There was no point trying to persuade him. After all, he wasn't the only superhero in the world anymore. Tomorrow I'd fill Lara in on my suspicions—even if I had to do it over veggie lasagna.

Mom called us in for dinner. The four of us ate in the kitchen together as usual. Zack might have been the one with superpowered senses, but as soon as I took my seat, I could tell that something was wrong. A cloud hung over the table, and it wasn't coming from the steamed rice. I didn't have to wait long to learn the bad news.

Dad had lost his job with the insurance company.

“Did they fire you because you disobeyed orders and went rogue?” I asked.

“Unfortunately not, Luke,” he said, picking at his food with a fork. “Nothing as exciting as that. With all the money the company has had to pay out because of Nemesis, they're having to cut back.”

Zack sat up. “But that's not fair,” he said. “Nemesis was, what do you call it, an ‘act of god'?”

“You're right,” said Dad. “But all those chunks of asteroid that broke off when Star Guy stopped Nemesis—well, they were an act of man, albeit a superhuman one, and they smashed houses and cars. Those were claims.”

I looked over at my brother. He was clenching his fists so tightly they'd turned white.

“I'm just a victim of downsizing,” said Dad. He lifted his fork. “Which, before you ask, yes, is
exactly
like a shrink ray.” He gave a short laugh. Mom laid her hand on his.

I knew that downsizing was nothing like a shrink ray. Shrink rays were expensive and complicated, and the idea that an insurance company would use one to fire people was ridiculous. The electricity bill alone would make it uneconomic. I looked around at the concerned faces at the table. Everyone was thinking the same thing, but no one wanted to ask.

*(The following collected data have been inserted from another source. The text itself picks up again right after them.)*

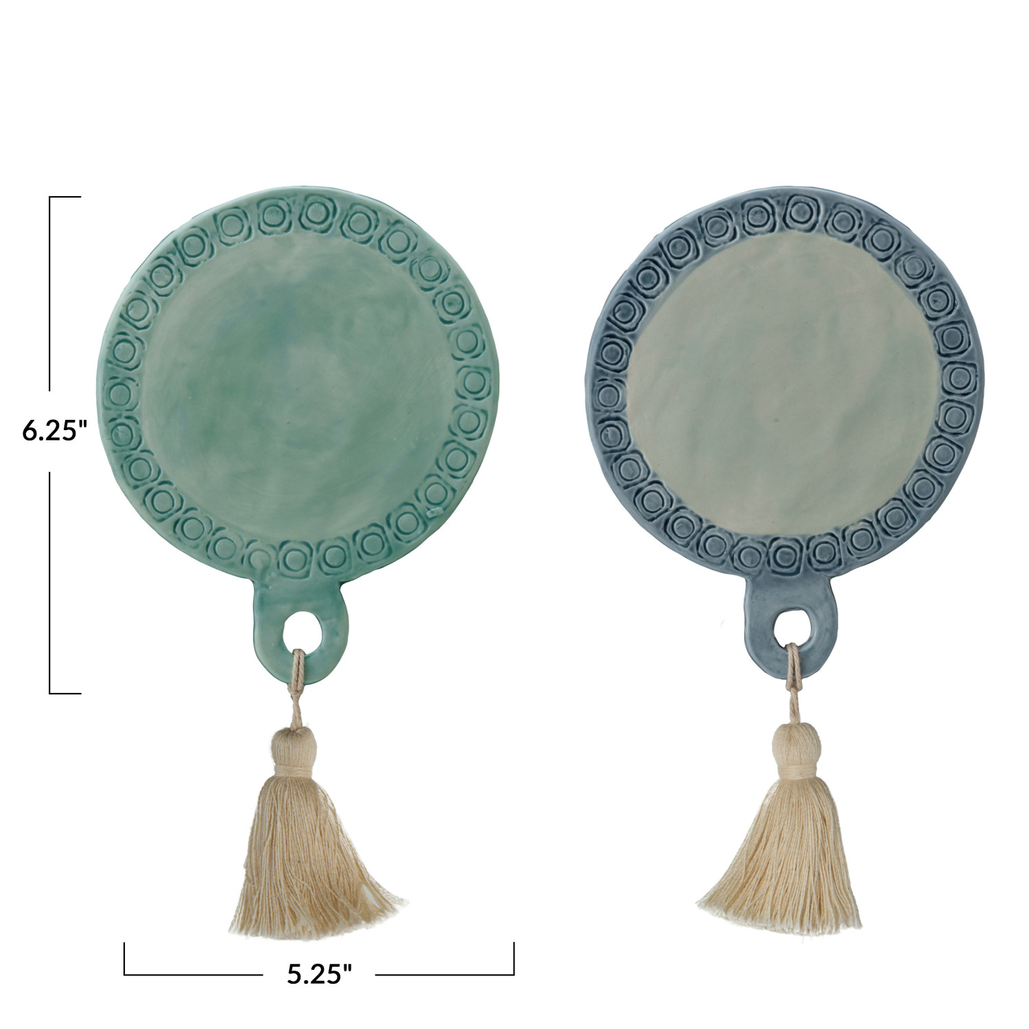 Catalog Name: 6-1/2"L x 5-1/4"W Hand-Painted Debossed Stoneware Mini Tapas Board w/ Tassel, Multi Color, 2 Styles (Each One Will Vary) ©
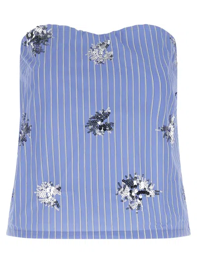 Aura Sequin-embellished Striped Top In Blue
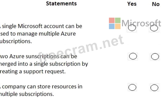 For each of the following statements, select Yes if the statement is true. Otherwise, select No.
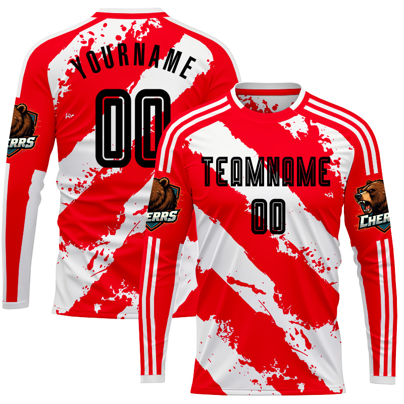 Customized red striped logo football long sleeves
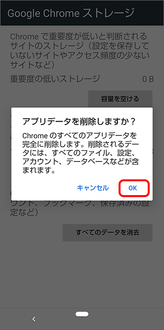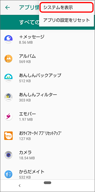 「設定」→「アプリと通知」→「〇個のアプリをすべて表示」→「︙(メニュー)」→「システムを表示」→該当するアプリケーション→「ストレージ」→「容量を管理」→「すべてのデータを消去」→「OK」で完了です。
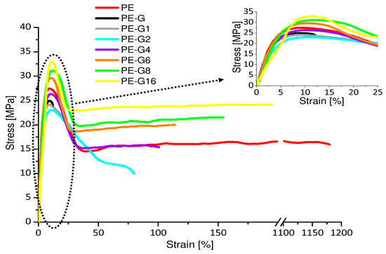 The stress–strain graphs of the pure PE and all the mixtures (PE-G0, PE-G1, PE-G2, PE-G4, PE-G8, and PE-G16) are shown in Figure 5. The PE-G0 sample (PE mixed with pure graphite, not mechanically treated) showed a different stress–strain curve than the pure PE. In fact, an increase in the slope of the initial section and an increase in stiffness were observed (Young’s elastic modulus increased from about 500 to about 900 MPa), as visible in the magnified graph in the frame of Figure 5. The mechanical strength, both at yield and at break, decreased from approximately 28 to approximately 25 MPa and from approximately 16 to approximately 12 MPa, respectively. Strain at break decreased considerably from approximately 1200% to approximately 22% with a corresponding collapse of the work at break from approximately 24 to approximately 7 J.
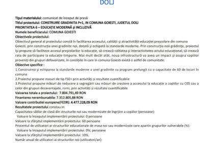 Comunicat de presă – CONSTRUIRE GRADINITA P+1, IN COMUNA GOIESTI, JUDETUL DOLJ

It was up to me. “So,” I began, choosing my words with care, “will you get another job, or are you going to be hanging around the house from now on?”

“Luke!” Mom snapped.

“You idiot!” Zack punched me in the arm.

Dad just laughed. “Don't you worry about me, Luke. That job was like the Hobbit movies: it went on
way
too long. A fresh start will be good for me. I can't wait to see what the future has in store. Bring it on!”

And then he sighed and looked down at his salmon fillet.